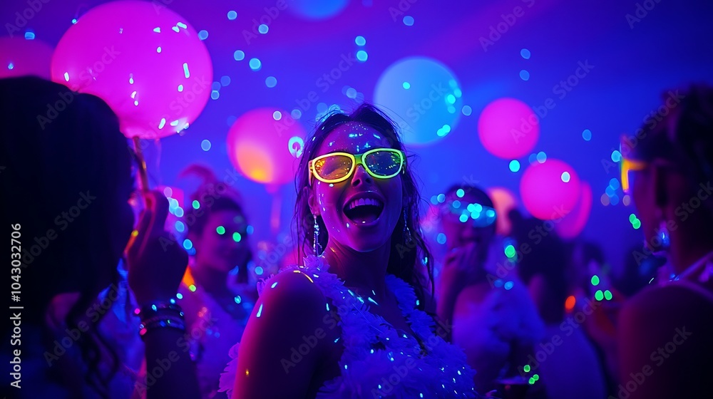 A neon-themed birthday setup featuring glow sticks, black lights, and neon paint splattered on the walls, LED decorations enhancing the glow, party atmosphere with guests wearing glowing accessories, #1043032706
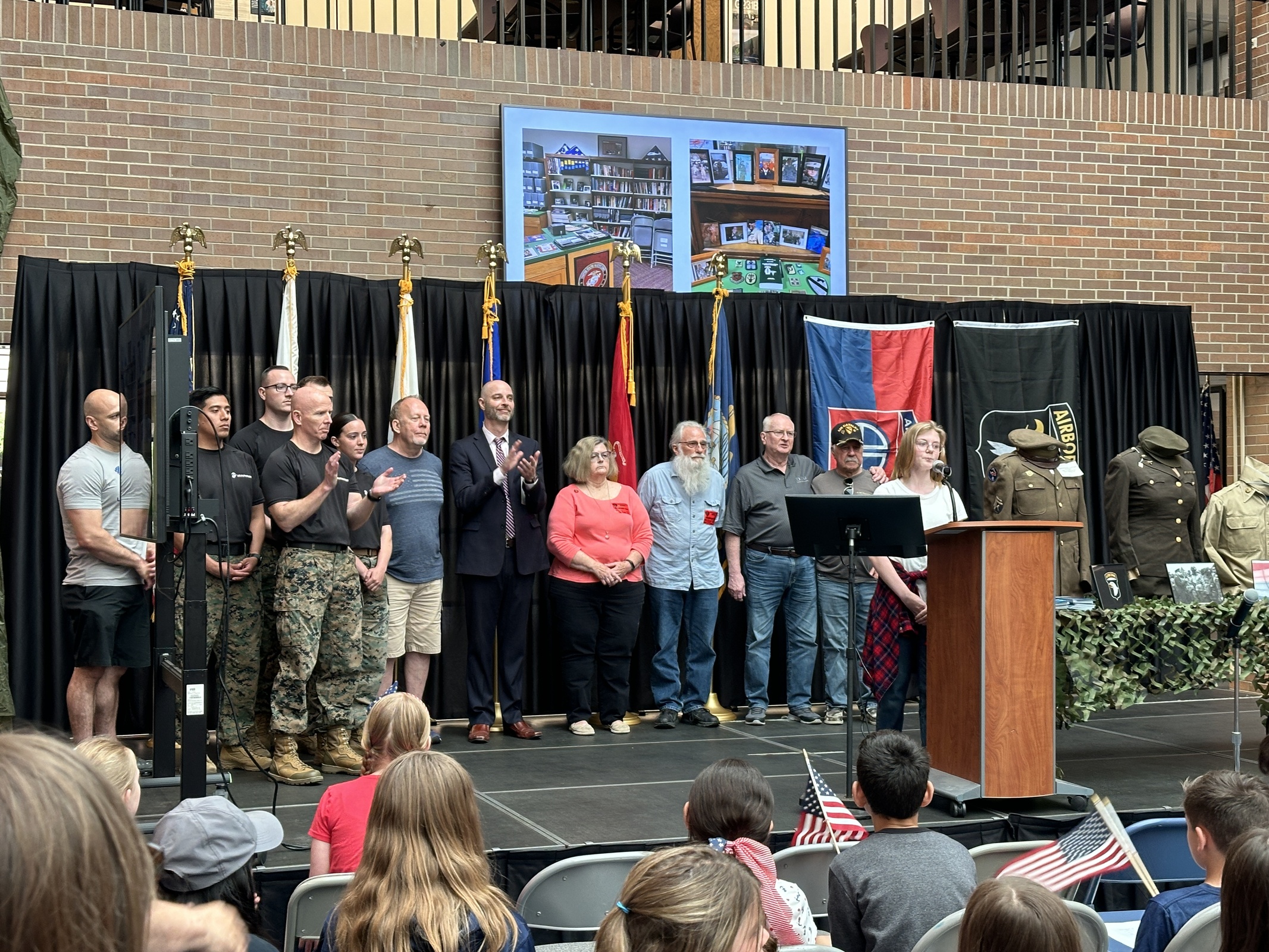 After a question and answer session, Miller invited veterans in the audience onto the stage for a group photo.
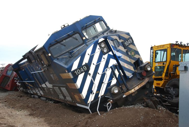 Train 351 travelled approximately 1100 feet past the Stop signal and collided with the 39th car of train 100. At the time of the collision, train 351 was travelling at 20.2 mph. The lead locomotives of train 351 (CEFX 1049, CP 9804) derailed to the north and came to rest leaning at about 20 degrees and 70 degrees respectively (Photo 1).
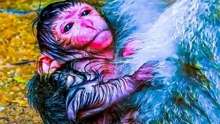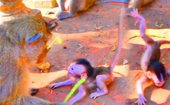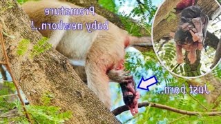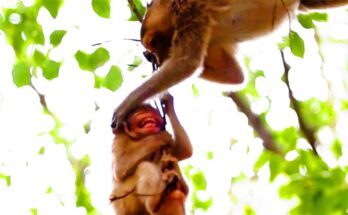 In the quiet early morning, when the forest was still wrapped in soft mist, a caring mother monkey sat gently on a strong tree branch, holding her newborn baby close …
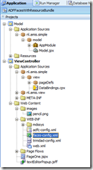 The ADF application demonstrated in the previous articles – ADFFacesWithResourceBundles – contains both the artifacts that are required in the reusable ADF Library that can provide dynamic resource bundle editing facilities to other ADF Applications as well as the artifacts for trying out the live resource bundle editing capabilities. The latter are not required in the ADF Library, so let’s first remove these from the application.

● ● ● ● ●

:: TASK OBJECTIVE ::
The answer should contain only the lines from the start of the records above through the line with "After a question", copied exactly, and no pictures.

:: OUTPUT OF THE EXERCISE ::
 A neon-themed birthday setup featuring glow sticks, black lights, and neon paint splattered on the walls, LED decorations enhancing the glow, party atmosphere with guests wearing glowing accessories, #1043032706
 After a question and answer session, Miller invited veterans in the audience onto the stage for a group photo.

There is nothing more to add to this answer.